══ Working data

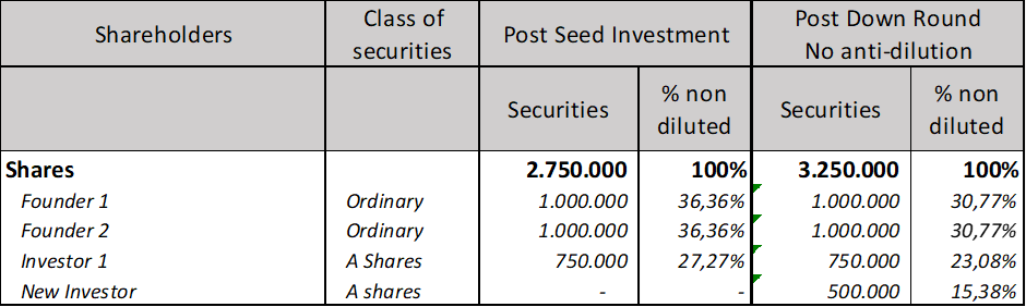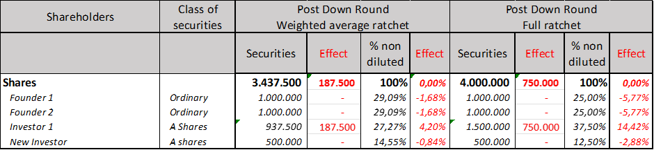 Below you will find an example visualizing the consequences of a down round (€ 250.000 invested at € 0,50 / share) occurring after a seed investment round (€ 750.000 invested at € 1 per share) with/without anti-dilution protection, including the difference between a full ratchet and a weighted ratchet approach.
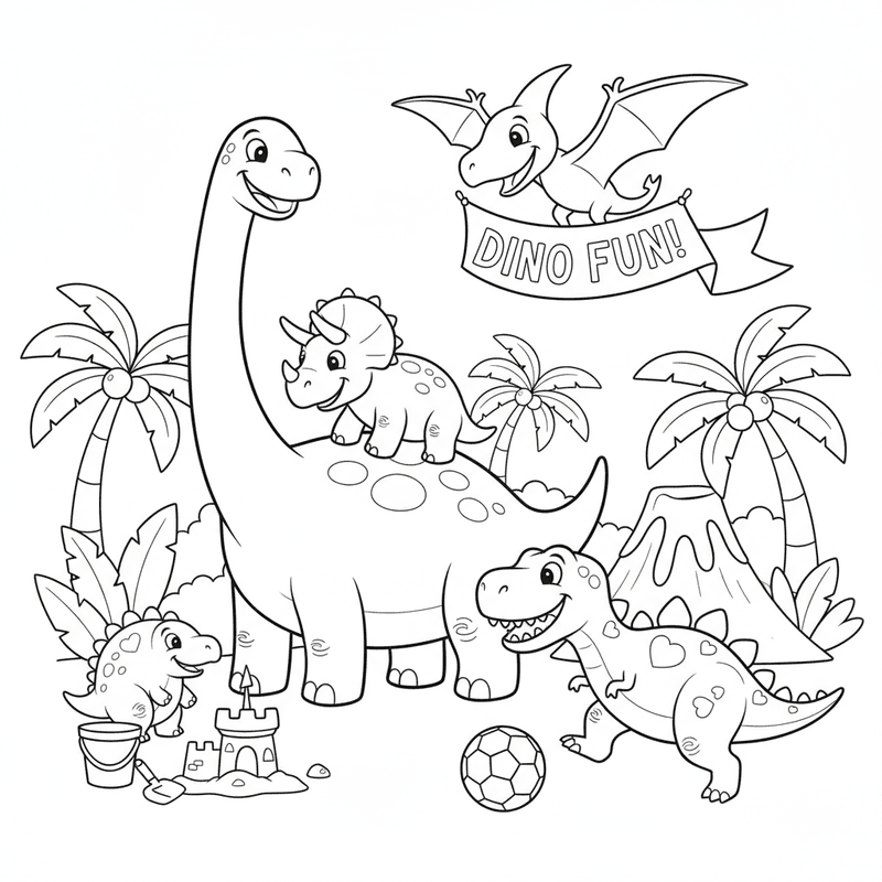 A delightful dinosaur coloring page featuring friendly cartoon dinosaurs playing together. Perfect for kids and adults who love coloring!
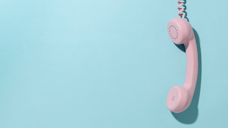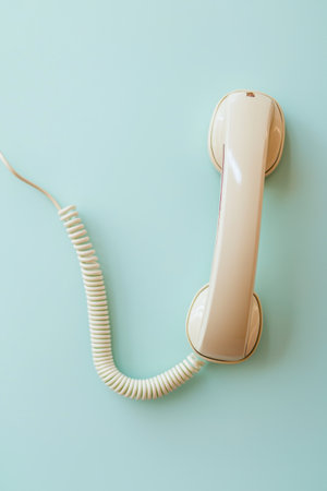 Beige vintage telephone receiver with a spiral cord resting on a pastel blue background, evoking nostalgia for retro communication and highlighting the charm of classic customer service
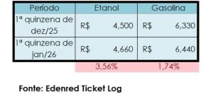 O preço médio dos combustíveis nos postos brasileiros registrou alta na primeira quinzena de janeiro de 2026, na comparação com a primeira quinzena de dezembro de 2025. O etanol apresentou aumento mais expressivo no período, de 3,56%, passando de R$ 4,50 para R$ 4,66. Já a gasolina teve alta de 1,74%, com o preço médio subindo de R$ 6,33 para R$ 6,44. Os dados são da mais recente análise do Índice de Preços Edenred Ticket Log (IPTL), levantamento que consolida o comportamento de preços das transações nos postos de combustível e traz uma média precisa do valor praticado nas bombas em todo o País.
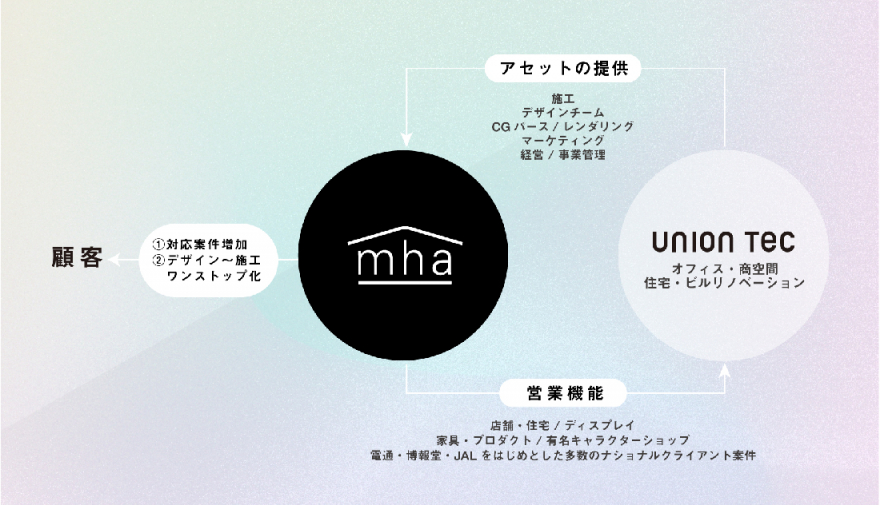 マウンテンハウスアーキテクツは、建築・インテリア・ディスプレイ・家具・プロダクトのデザインにおいて幅広い実績を持ち、その独自性と高い専門性が市場で高く評価されています。有名キャラクターのショップや電通・博報堂・JALをはじめとした多数のナショナルクライアントの案件を手掛けてまいりました。このたびのユニオンテックのグループジョインにより、グループ全体の提供サービスはさらに広がるナショナルクライアントにおいても強力な体制を構築することが可能となります。
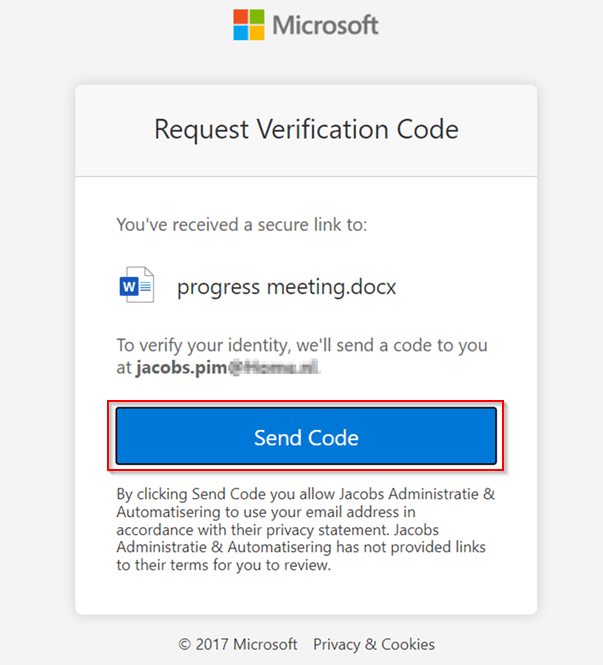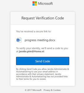 The email address is automatically filled and refers to the email address which was used to share the document with. What we also can see here is that we are looking at the Azure Active Directory login page and not the SharePoint Online login page, which tells us as well that the B2B integration has been enabled. To continue again please hit ‘Next’. An email will now be sent over to the same email address which was used to share the document with (which is the one-time passcode feature).
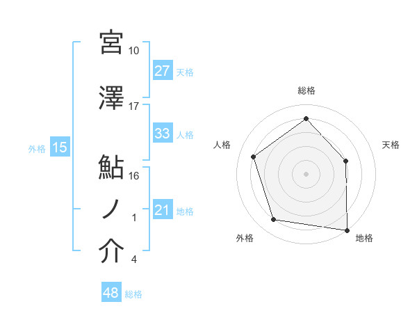 宮澤 鮎ノ介さんの総格は48画の4点!

════

→ **Exercise brief**: In the answer, the entries should be restated verbatim, with all pictures omitted.

→ **Response area**:
 Below you will find an example visualizing the consequences of a down round (€ 250.000 invested at € 0,50 / share) occurring after a seed investment round (€ 750.000 invested at € 1 per share) with/without anti-dilution protection, including the difference between a full ratchet and a weighted ratchet approach.
 A delightful dinosaur coloring page featuring friendly cartoon dinosaurs playing together. Perfect for kids and adults who love coloring!
 Beige vintage telephone receiver with a spiral cord resting on a pastel blue background, evoking nostalgia for retro communication and highlighting the charm of classic customer service
 O preço médio dos combustíveis nos postos brasileiros registrou alta na primeira quinzena de janeiro de 2026, na comparação com a primeira quinzena de dezembro de 2025. O etanol apresentou aumento mais expressivo no período, de 3,56%, passando de R$ 4,50 para R$ 4,66. Já a gasolina teve alta de 1,74%, com o preço médio subindo de R$ 6,33 para R$ 6,44. Os dados são da mais recente análise do Índice de Preços Edenred Ticket Log (IPTL), levantamento que consolida o comportamento de preços das transações nos postos de combustível e traz uma média precisa do valor praticado nas bombas em todo o País.
 マウンテンハウスアーキテクツは、建築・インテリア・ディスプレイ・家具・プロダクトのデザインにおいて幅広い実績を持ち、その独自性と高い専門性が市場で高く評価されています。有名キャラクターのショップや電通・博報堂・JALをはじめとした多数のナショナルクライアントの案件を手掛けてまいりました。このたびのユニオンテックのグループジョインにより、グループ全体の提供サービスはさらに広がるナショナルクライアントにおいても強力な体制を構築することが可能となります。
 The email address is automatically filled and refers to the email address which was used to share the document with. What we also can see here is that we are looking at the Azure Active Directory login page and not the SharePoint Online login page, which tells us as well that the B2B integration has been enabled. To continue again please hit ‘Next’. An email will now be sent over to the same email address which was used to share the document with (which is the one-time passcode feature).
 宮澤 鮎ノ介さんの総格は48画の4点!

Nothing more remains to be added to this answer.